We’d built the fire in the entrance to the shack, keeping warm meant getting as close as possible but the wyvern had taken up most of the space. I wasn’t going to argue with it. I think that was why Oisin and I found ourselves lying side by side. I’m sure it was.
‘Do you remember the last time we lay like this?’
I smiled at the memory. ‘You’d asked me to join you in M
ag Mell.’
Darkness crowded in at the sudden recollection. Oisin didn’t reply.
I felt a need to unburden myself. ‘It was my greatest mistake, saying no.’
I heard him change position.’
‘Really?’
Weight left my shoulders, the weight I’d carried on them for most of my lifetime.
‘Instead I chose a life of privilege as Oberon’s confidant, with the prestige and influence and money it brought with it. Things I thought mattered more than living on a quiet little farm in the middle of nowhere.’

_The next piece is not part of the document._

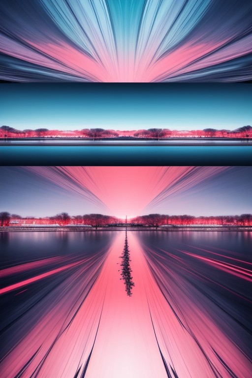 minimalism, abstract, orange, fuchsia, blue, perspective, double exposure, waterfront in winter, surreal, hyper-detailed, intricate details, professional photo, vivid colors, full-scene view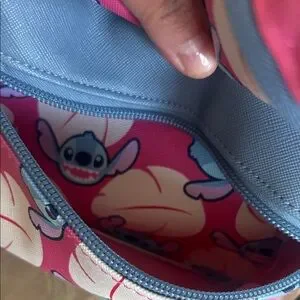 Charming kids backpack featuring a delightful Stitch design. This pink and blue bag is perfect for adding fun to any child's outfit.

‘It is quiet there. You’d soon have got bored.’ He sounded like he was apologising and didn’t see the irony, the remainder of my life had become quiet and boring. Anger festered inside me.

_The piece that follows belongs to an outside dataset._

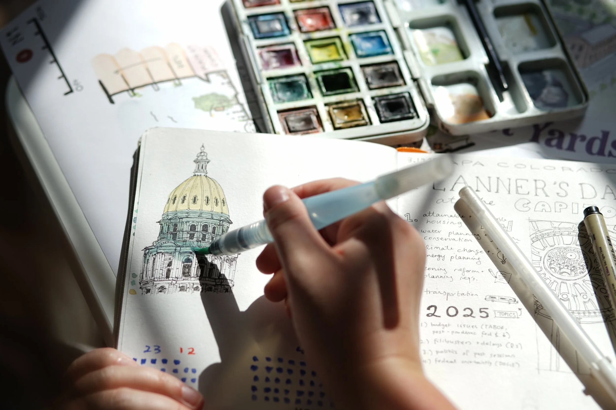 Since then, I keep my sketchbook with me every day. The practice has strengthened my creative instincts, encouraged me to be present, honed my understanding of color, composition, and perspective, and connected me to others.

‘Look where it got me. Exiled. Alone. Wishing death could find me.’
I felt a hand on my shoulder, it pulled me over to face him. I could just make out his features in the light from the fire.
‘You don’t mean that?’
I held his stare. ‘I do. I’m going to kill Llyr somehow. You’ll get your sister out of prison and the Knights will be free from danger.’
‘But Rob…’
He hadn’t called me that for the longest time.
‘Think about it Oisin.’ I wasn’t on any sort of pity crusade, I’d thought all this through and he needed to know. ‘Killing the crowned High Lord of the Dark Court is treason. They’ll hunt me down, regardless of the impact on this realm. I should have killed him when I had the chance but I thought there might be another way. I realise there isn’t now.’
‘But Rob, you’re wrong…’
I didn’t give him chance to say another word.

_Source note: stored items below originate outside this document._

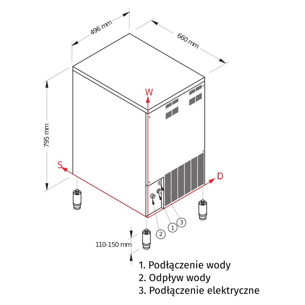 - Nastavitelné nohy z nerezové oceli
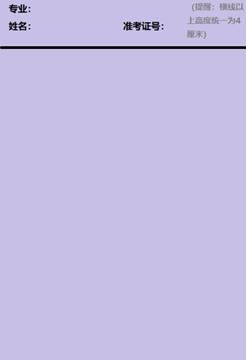 (4)笔试由考生在自备的A4纸(格式如下)上独立书写完成,可提交多页,每一页格式相同。笔试过程中不允许使用手机、iPad等其他电子设备;不允许使用参考书籍或其他资料;考试期间不能通过任何方式与他人交流以及获得他人的帮助包括任何在线方式(考试之前请关闭电脑上相关软件及功能)。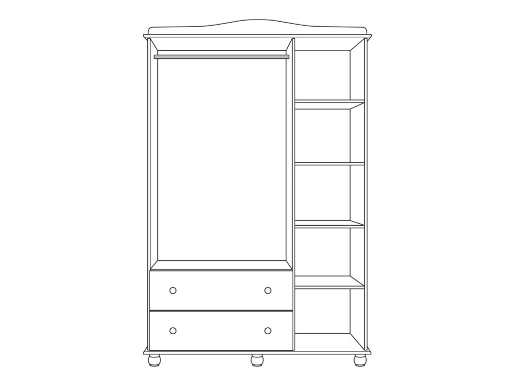 v levé části dveře se zrcadlem, kovová šatní tyč, 2 zásuvky s kovovými pojezdy
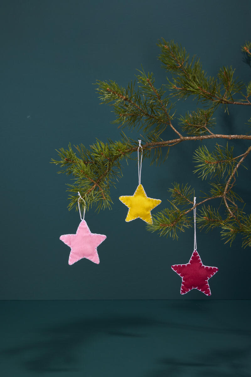 - Ompele varsipistoilla tähtikuvioiset huopakankaat yhteen, mutta jätä pieni auki täytteen lisäämistä varten.

‘I should have killed Llyr when I had the chance Oisin. But, because I didn’t, I put the twins’ lives in danger, I might even be responsible for their deaths if I can’t rescue them now. I vowed to protect them and look what’s happened. I’m desperate to find somewhere to keep them safe from the Fae, that means constantly uprooting them to find another location and every time I do that, I risk the same fate as we faced earlier. I can’t keep risking their lives like that. The only way to keep the twins safe, is to kill Llyr.’